─── Given data ───
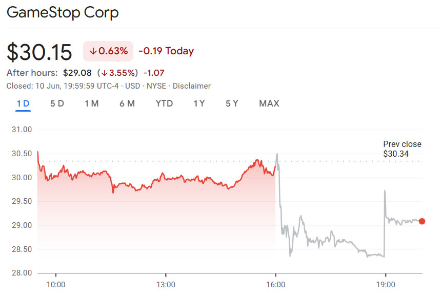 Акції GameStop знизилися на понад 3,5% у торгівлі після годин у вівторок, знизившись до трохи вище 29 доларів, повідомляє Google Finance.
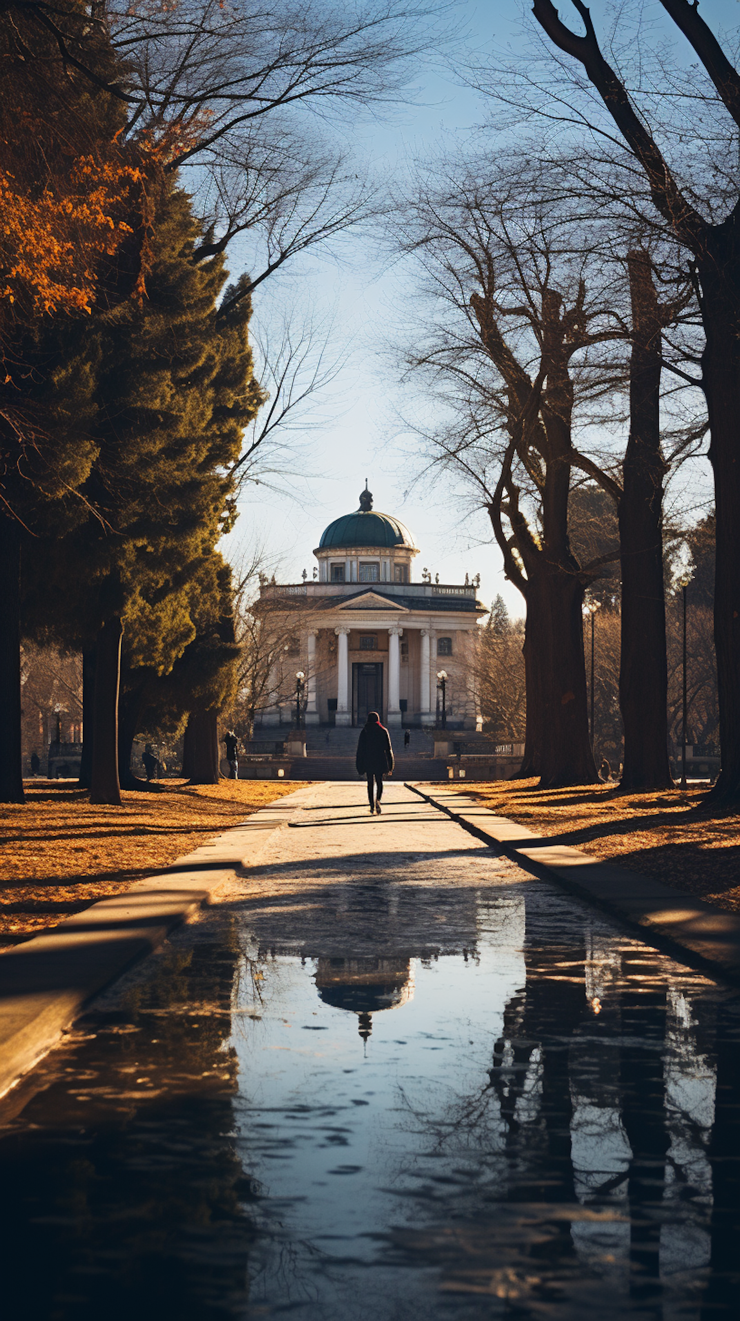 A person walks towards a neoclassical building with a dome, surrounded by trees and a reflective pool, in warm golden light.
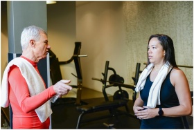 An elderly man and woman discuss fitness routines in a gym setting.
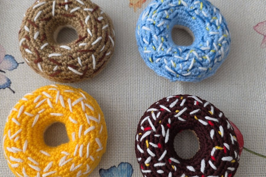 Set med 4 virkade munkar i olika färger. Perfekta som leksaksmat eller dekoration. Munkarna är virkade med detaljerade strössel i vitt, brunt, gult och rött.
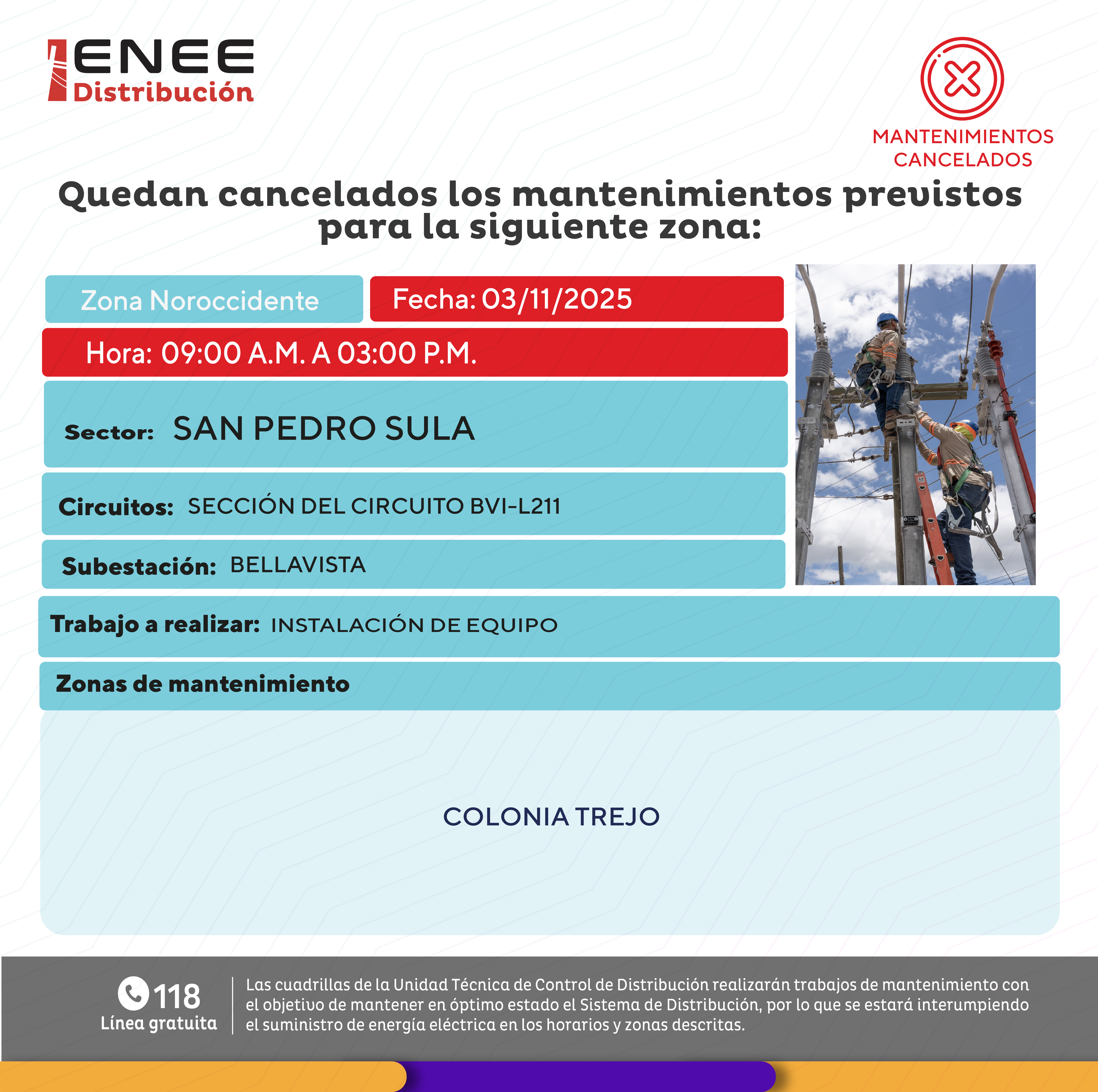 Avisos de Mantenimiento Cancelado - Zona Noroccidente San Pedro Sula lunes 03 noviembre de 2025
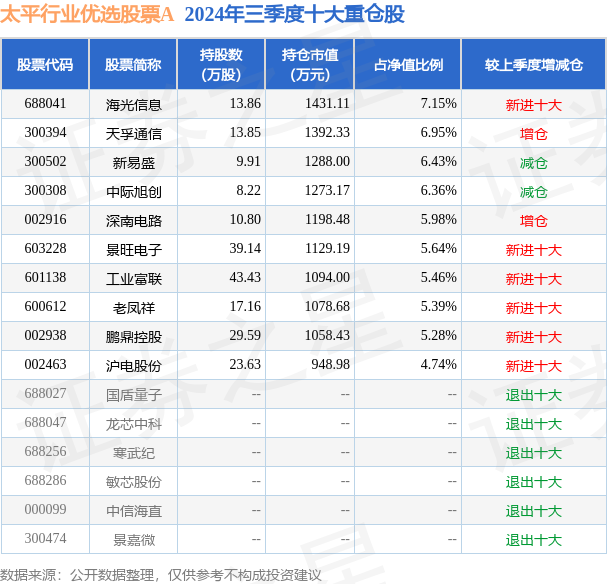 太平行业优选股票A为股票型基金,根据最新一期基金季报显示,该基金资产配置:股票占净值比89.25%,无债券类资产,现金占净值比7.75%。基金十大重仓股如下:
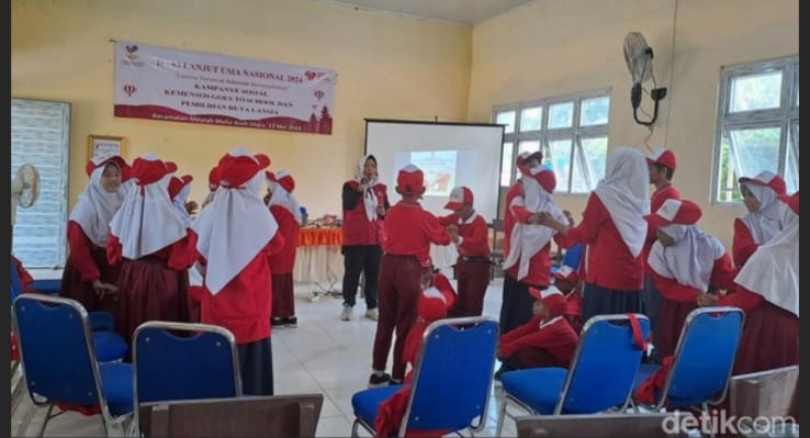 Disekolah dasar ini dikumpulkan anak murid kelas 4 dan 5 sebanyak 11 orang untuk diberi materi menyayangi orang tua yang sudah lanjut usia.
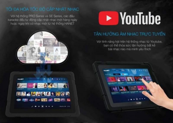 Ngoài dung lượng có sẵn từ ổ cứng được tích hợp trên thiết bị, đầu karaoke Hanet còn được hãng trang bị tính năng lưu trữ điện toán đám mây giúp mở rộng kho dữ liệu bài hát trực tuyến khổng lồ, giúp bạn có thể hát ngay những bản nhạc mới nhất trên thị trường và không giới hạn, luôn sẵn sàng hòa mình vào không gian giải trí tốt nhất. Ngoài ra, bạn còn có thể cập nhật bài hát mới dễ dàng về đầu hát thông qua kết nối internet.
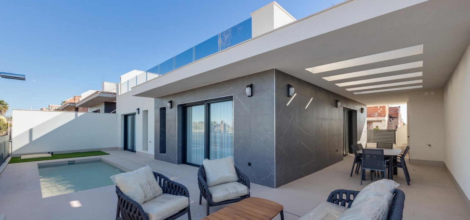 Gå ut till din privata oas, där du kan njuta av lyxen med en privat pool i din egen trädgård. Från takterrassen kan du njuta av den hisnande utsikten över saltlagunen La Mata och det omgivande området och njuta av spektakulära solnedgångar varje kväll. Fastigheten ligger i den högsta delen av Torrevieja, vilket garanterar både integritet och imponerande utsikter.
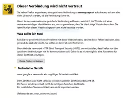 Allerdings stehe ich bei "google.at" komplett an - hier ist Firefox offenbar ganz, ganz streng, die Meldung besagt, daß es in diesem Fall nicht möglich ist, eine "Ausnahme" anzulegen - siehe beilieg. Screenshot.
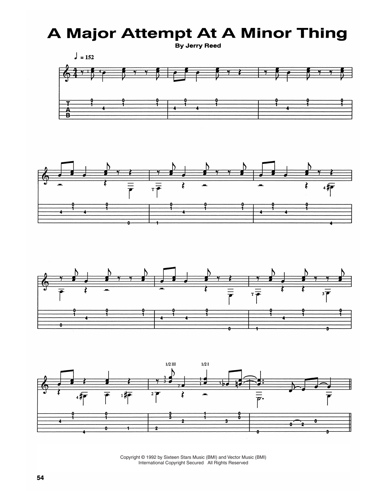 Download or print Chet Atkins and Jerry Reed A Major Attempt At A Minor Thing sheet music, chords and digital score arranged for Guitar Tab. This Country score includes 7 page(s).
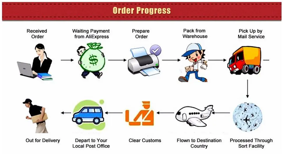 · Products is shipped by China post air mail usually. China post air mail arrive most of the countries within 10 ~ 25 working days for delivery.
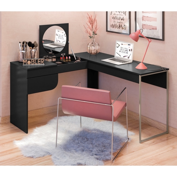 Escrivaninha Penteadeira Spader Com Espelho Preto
───
What is expected
Leave out the pictures and output every record above precisely as given.

Solution
 Акції GameStop знизилися на понад 3,5% у торгівлі після годин у вівторок, знизившись до трохи вище 29 доларів, повідомляє Google Finance.
 A person walks towards a neoclassical building with a dome, surrounded by trees and a reflective pool, in warm golden light.
 An elderly man and woman discuss fitness routines in a gym setting.
 Set med 4 virkade munkar i olika färger. Perfekta som leksaksmat eller dekoration. Munkarna är virkade med detaljerade strössel i vitt, brunt, gult och rött.
 Avisos de Mantenimiento Cancelado - Zona Noroccidente San Pedro Sula lunes 03 noviembre de 2025
 太平行业优选股票A为股票型基金,根据最新一期基金季报显示,该基金资产配置:股票占净值比89.25%,无债券类资产,现金占净值比7.75%。基金十大重仓股如下:
 Disekolah dasar ini dikumpulkan anak murid kelas 4 dan 5 sebanyak 11 orang untuk diberi materi menyayangi orang tua yang sudah lanjut usia.
 Ngoài dung lượng có sẵn từ ổ cứng được tích hợp trên thiết bị, đầu karaoke Hanet còn được hãng trang bị tính năng lưu trữ điện toán đám mây giúp mở rộng kho dữ liệu bài hát trực tuyến khổng lồ, giúp bạn có thể hát ngay những bản nhạc mới nhất trên thị trường và không giới hạn, luôn sẵn sàng hòa mình vào không gian giải trí tốt nhất. Ngoài ra, bạn còn có thể cập nhật bài hát mới dễ dàng về đầu hát thông qua kết nối internet.
 Gå ut till din privata oas, där du kan njuta av lyxen med en privat pool i din egen trädgård. Från takterrassen kan du njuta av den hisnande utsikten över saltlagunen La Mata och det omgivande området och njuta av spektakulära solnedgångar varje kväll. Fastigheten ligger i den högsta delen av Torrevieja, vilket garanterar både integritet och imponerande utsikter.
 Allerdings stehe ich bei "google.at" komplett an - hier ist Firefox offenbar ganz, ganz streng, die Meldung besagt, daß es in diesem Fall nicht möglich ist, eine "Ausnahme" anzulegen - siehe beilieg. Screenshot.
 Download or print Chet Atkins and Jerry Reed A Major Attempt At A Minor Thing sheet music, chords and digital score arranged for Guitar Tab. This Country score includes 7 page(s).
 · Products is shipped by China post air mail usually. China post air mail arrive most of the countries within 10 ~ 25 working days for delivery.
 Escrivaninha Penteadeira Spader Com Espelho Preto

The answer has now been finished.